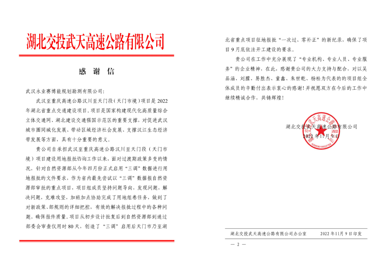 2022年11月,永业行陆续获湖北交投武天高速公路有限公司、大悟县自然资源和规划局致函感谢。
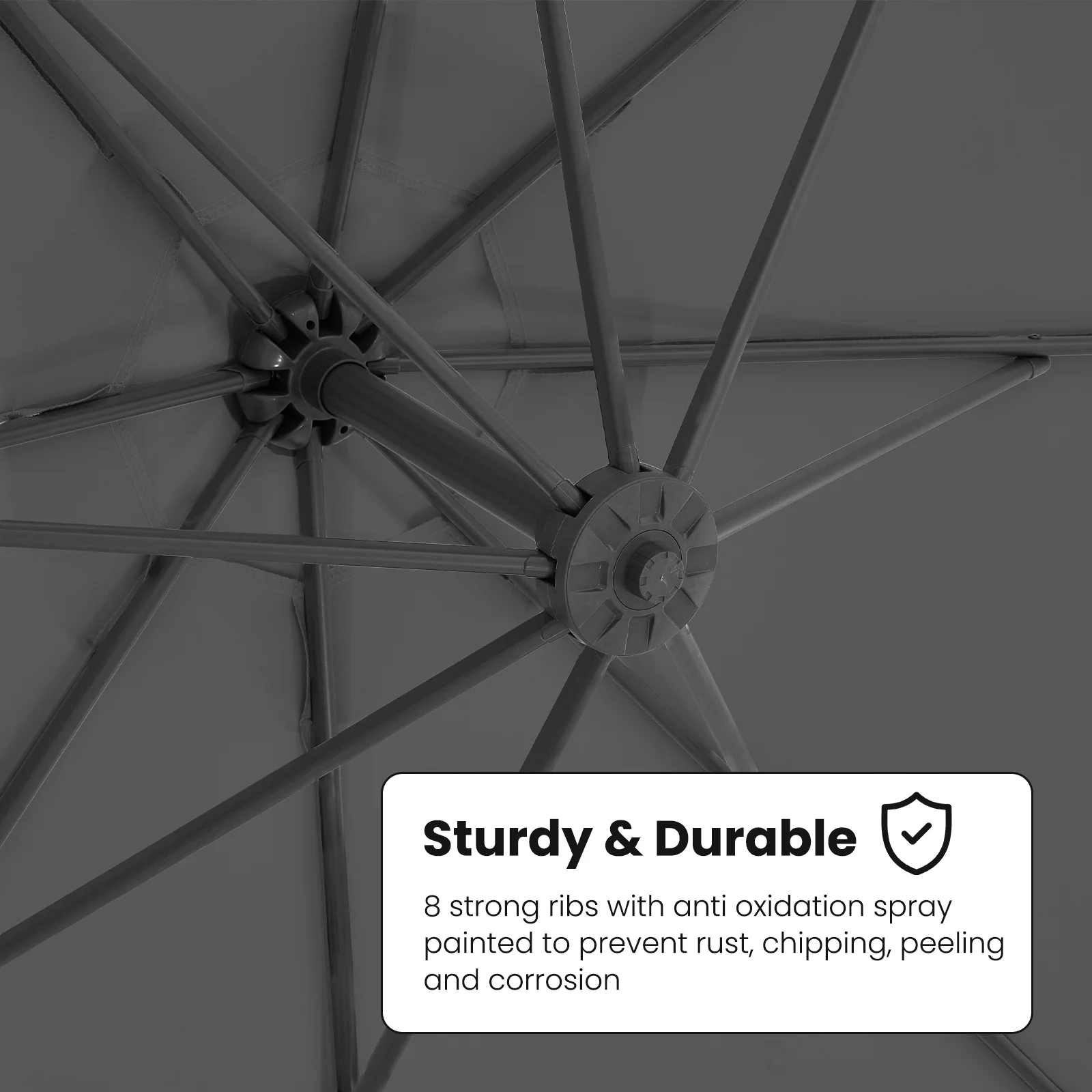 Create a cool and comfortable outdoor oasis with our premium patio umbrella, designed to provide the perfect blend of style, durability, and functionality. Crafted with high-quality, UV-resistant, and waterproof fabric, it offers excellent protection against the sun’s harsh rays while keeping you shaded and relaxed. The robust, rust-resistant aluminum frame ensures long-lasting stability, making it ideal for year-round use.Featuring a user-friendly crank mechanism, opening and closing the umbrella is effortless, while the vented canopy promotes better airflow, preventing heat buildup and enhancing wind resistance.
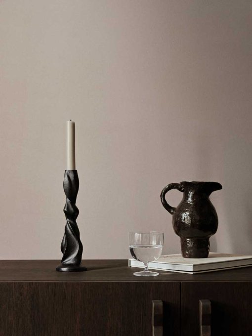Inspired by the swirling movement of wind, the Gale Candle Holder mirrors the dynamic patterns of a storm. This sculptural piece is crafted from recycled cast aluminum and serves as an eye-catching element in any setting. Whether used individually or paired with another Gale Candle Holder, it will add a unique dimensional quality to your decor.
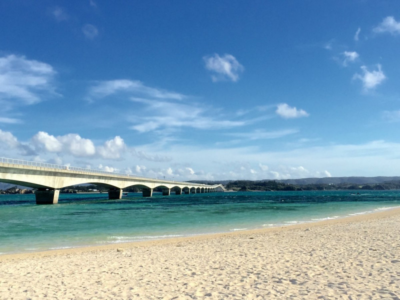 古宇利島の玄関口に位置する古宇利ビーチは、白砂とエメラルドグリーンの海が美しい遠浅で人気のビーチです。古宇利大橋を挟んで東西に分かれ、メインとなる西側には約300mにわたる開放的な砂浜が広がっています。バナナボートなどのマリンアクティビティも充実しており、透明度の高い海で存分に遊泳が楽しめます。
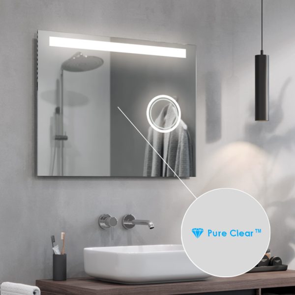 Pure Clear™ is een spiegel die zeer goed bestand is tegen rand- en puntcorrosie. Bovendien is hij vervaardigd met respect voor de planeet en de mens. Dankzij een geavanceerd productieproces is hij vrij van lood en organische oplosmiddelen en de onderverlichting elimineert het effect van oververlichting bij het gebruik van LED-strips.
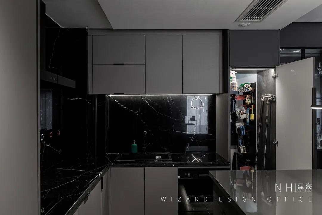 空间各个角落都设置着巧思,将收纳发挥得淋漓尽致,简约并非意味冰冷着拒人千里,静享生活之美的同时,透露着烟火气,有一种摩登中的温暖。
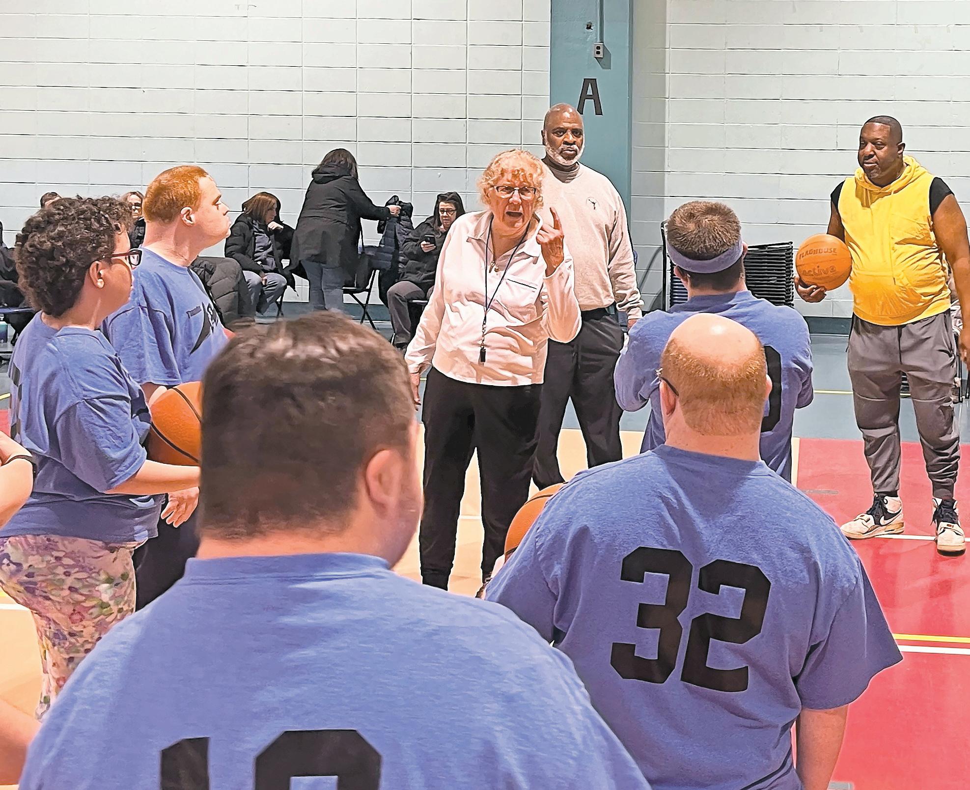 Basketball players on the Association for Children with Down Syndrome Thunderbolts team, in blue, and Freeport-Merrick Rotary Club team, in yellow, get a pregame rundown on the rules and loosen up by stretching.

* * * * *

YOUR ASSIGNMENT ▸ Line by line, print the records above exactly, skipping each picture.

ANSWER SPACE ▸
 2022年11月,永业行陆续获湖北交投武天高速公路有限公司、大悟县自然资源和规划局致函感谢。
 Create a cool and comfortable outdoor oasis with our premium patio umbrella, designed to provide the perfect blend of style, durability, and functionality. Crafted with high-quality, UV-resistant, and waterproof fabric, it offers excellent protection against the sun’s harsh rays while keeping you shaded and relaxed. The robust, rust-resistant aluminum frame ensures long-lasting stability, making it ideal for year-round use.Featuring a user-friendly crank mechanism, opening and closing the umbrella is effortless, while the vented canopy promotes better airflow, preventing heat buildup and enhancing wind resistance.
Inspired by the swirling movement of wind, the Gale Candle Holder mirrors the dynamic patterns of a storm. This sculptural piece is crafted from recycled cast aluminum and serves as an eye-catching element in any setting. Whether used individually or paired with another Gale Candle Holder, it will add a unique dimensional quality to your decor.
 古宇利島の玄関口に位置する古宇利ビーチは、白砂とエメラルドグリーンの海が美しい遠浅で人気のビーチです。古宇利大橋を挟んで東西に分かれ、メインとなる西側には約300mにわたる開放的な砂浜が広がっています。バナナボートなどのマリンアクティビティも充実しており、透明度の高い海で存分に遊泳が楽しめます。
 Pure Clear™ is een spiegel die zeer goed bestand is tegen rand- en puntcorrosie. Bovendien is hij vervaardigd met respect voor de planeet en de mens. Dankzij een geavanceerd productieproces is hij vrij van lood en organische oplosmiddelen en de onderverlichting elimineert het effect van oververlichting bij het gebruik van LED-strips.
 空间各个角落都设置着巧思,将收纳发挥得淋漓尽致,简约并非意味冰冷着拒人千里,静享生活之美的同时,透露着烟火气,有一种摩登中的温暖。
 Basketball players on the Association for Children with Down Syndrome Thunderbolts team, in blue, and Freeport-Merrick Rotary Club team, in yellow, get a pregame rundown on the rules and loosen up by stretching.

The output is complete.